— What to work on —
When you reach the line with "Также было доказано, что", start repeating the lines exactly and keep going to the end of the records, but drop every picture.

[Stored items]
^^^^^^^^^^^^^^^^

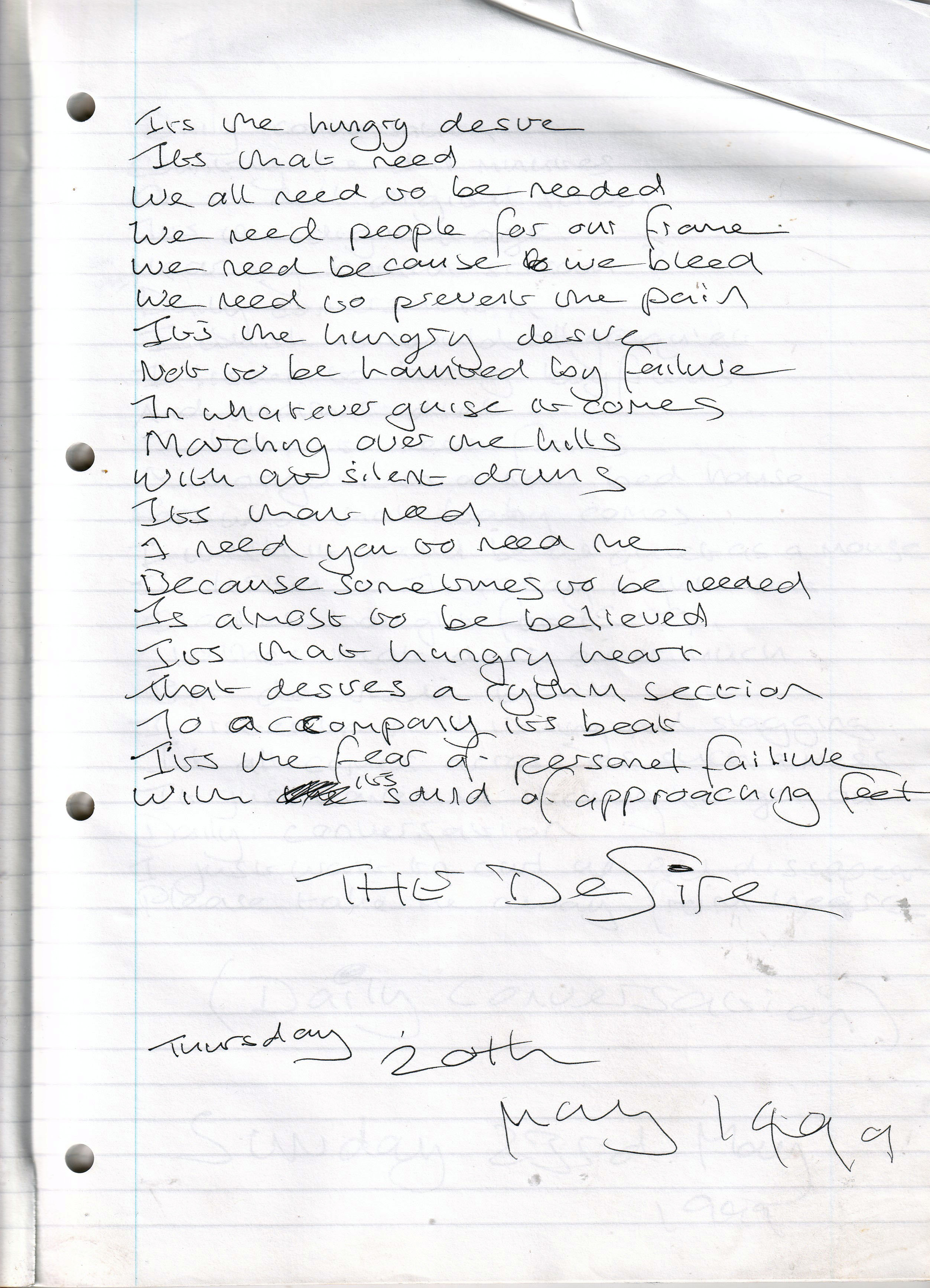 The Desire – Written Thursday 20th May 1999 (Aged 24)
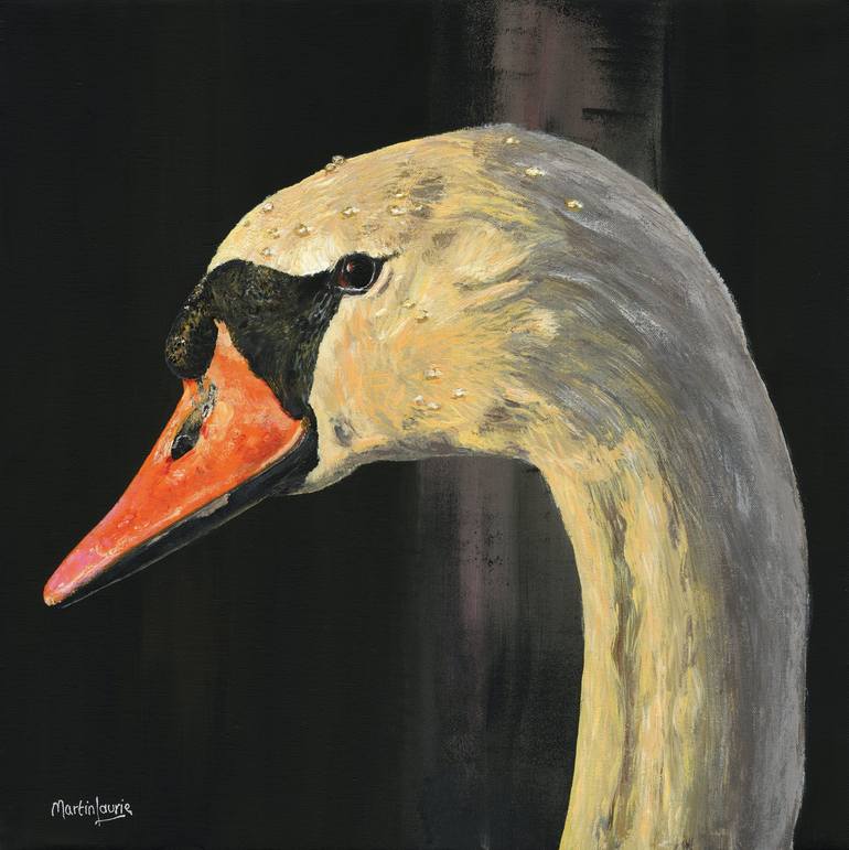 The beak is such a beautiful shape and colour. I have made the background somewhat abstract to focus attention on the bird which is spot lit by the evening sun. The swan combines strength with gracefulness. I hope that comes across in this painting. I find it very relaxing and pleasing to focus on...
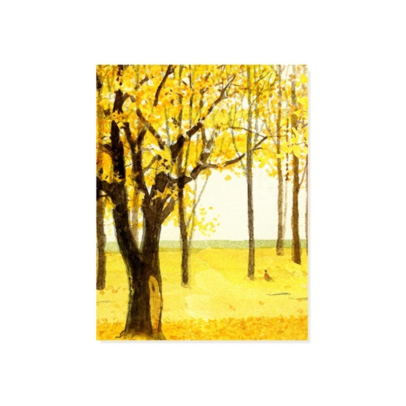 Trees in their golden yellow attire showcase the particular beauty of autumn in the countryside. Printed on a beautiful eggshell stock, and featuring Felix's watercolor drawings and handwritten calligraphy. Plus a matching quality envelope.Blank Inside4.25
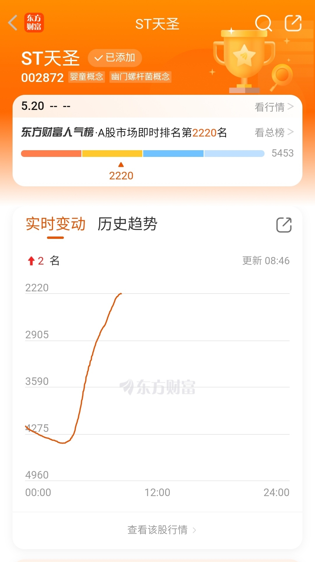 人气暴增2000名,飙升榜第一名,证明全盯着的,都等着抄底。
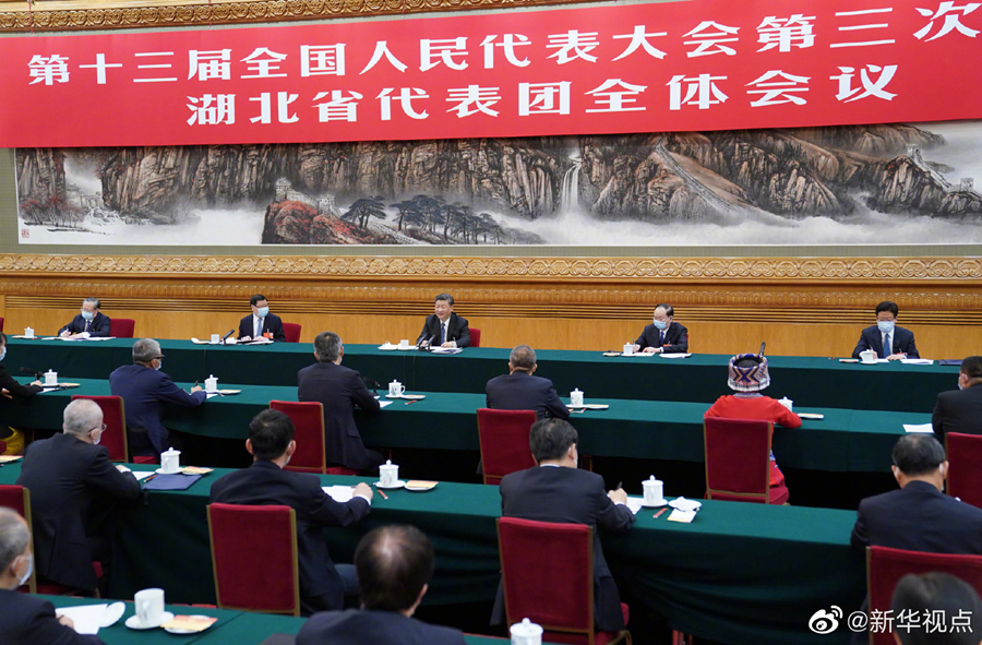 5月24日,中共中央总书记、国家主席、中央军委主席习近平参加十三届全国人大三次会议湖北代表团的审议。 新华社记者 黄敬文 摄
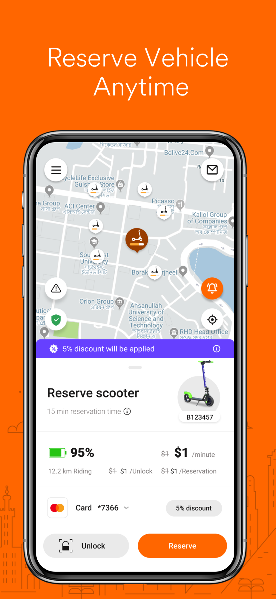 The app will show you the locations of available scooters in the area. Make sure to read about the services provided by Sunset Rides and choose the scooter that best suits your needs.
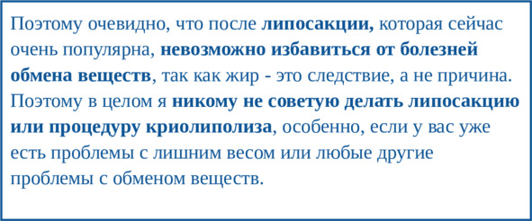 Также было доказано, что удаление подкожного жира не приводит к положительным изменениям в метаболизме человека и не способствует устойчивому снижению веса. Речь идет о процедуре удаления подкожного жира, который ни в коем случае не представляет опасности для здоровья и не является причиной ожирения и нарушения обмена веществ. Напротив, удаление этого подкожного жира способствует проблемам с обменом веществ: в результате больше жира начинает накапливаться во внутренних органах и между ними (что гораздо опаснее), поскольку удаленные из подкожного слоя жировые клетки не могут быть восстановлены, организм не может их больше вырастить, и поэтому вынужден искать другие места для отложения токсинов и жира, и в итоге решает нарастить больше висцерального жира.
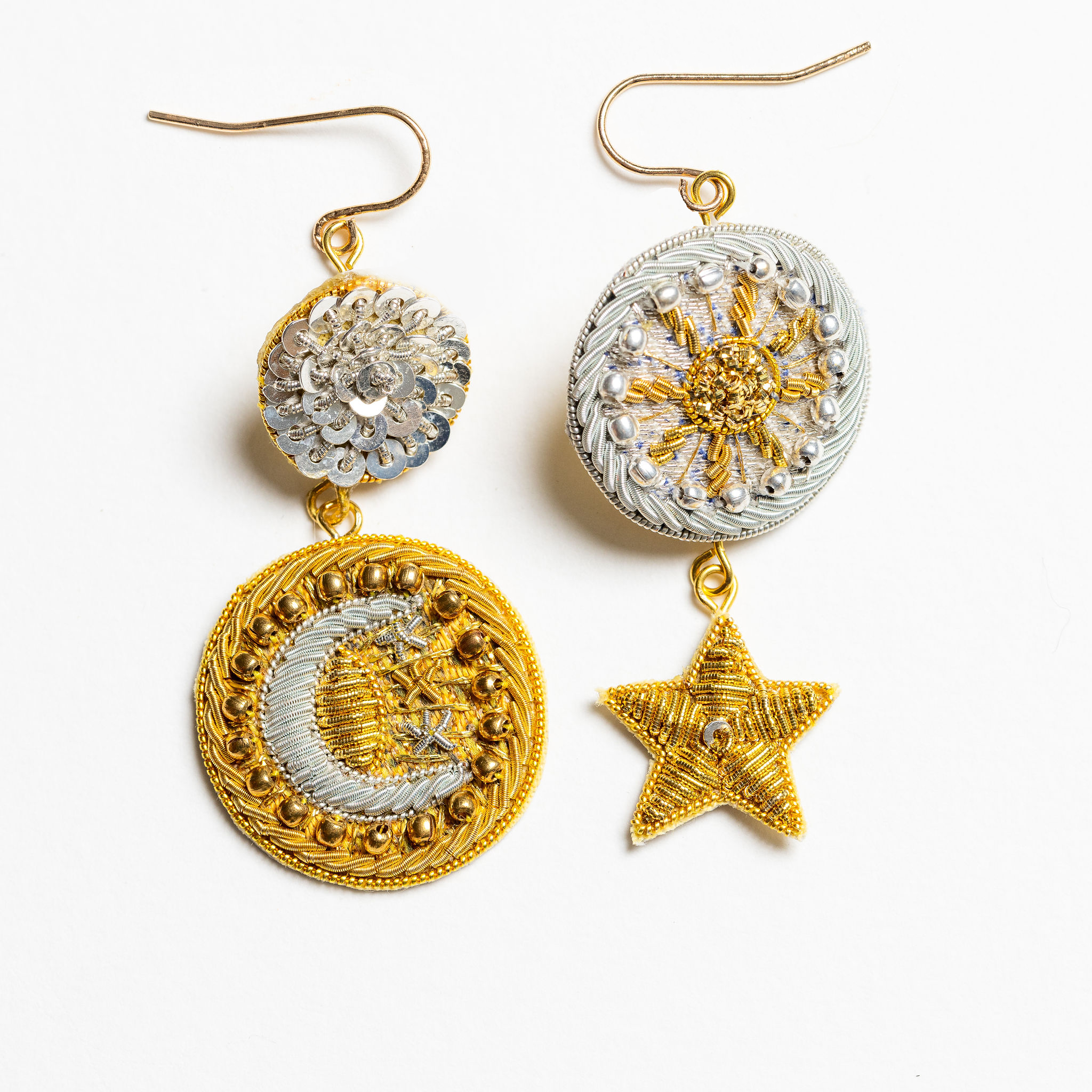 Materials: White metal bullions. Backed with Gold metallic faux leather. Gold plated earring hoops.

^^^^^^^^^^^^^^^^

— Answer to this exercise —
 Также было доказано, что удаление подкожного жира не приводит к положительным изменениям в метаболизме человека и не способствует устойчивому снижению веса. Речь идет о процедуре удаления подкожного жира, который ни в коем случае не представляет опасности для здоровья и не является причиной ожирения и нарушения обмена веществ. Напротив, удаление этого подкожного жира способствует проблемам с обменом веществ: в результате больше жира начинает накапливаться во внутренних органах и между ними (что гораздо опаснее), поскольку удаленные из подкожного слоя жировые клетки не могут быть восстановлены, организм не может их больше вырастить, и поэтому вынужден искать другие места для отложения токсинов и жира, и в итоге решает нарастить больше висцерального жира.
 Materials: White metal bullions. Backed with Gold metallic faux leather. Gold plated earring hoops.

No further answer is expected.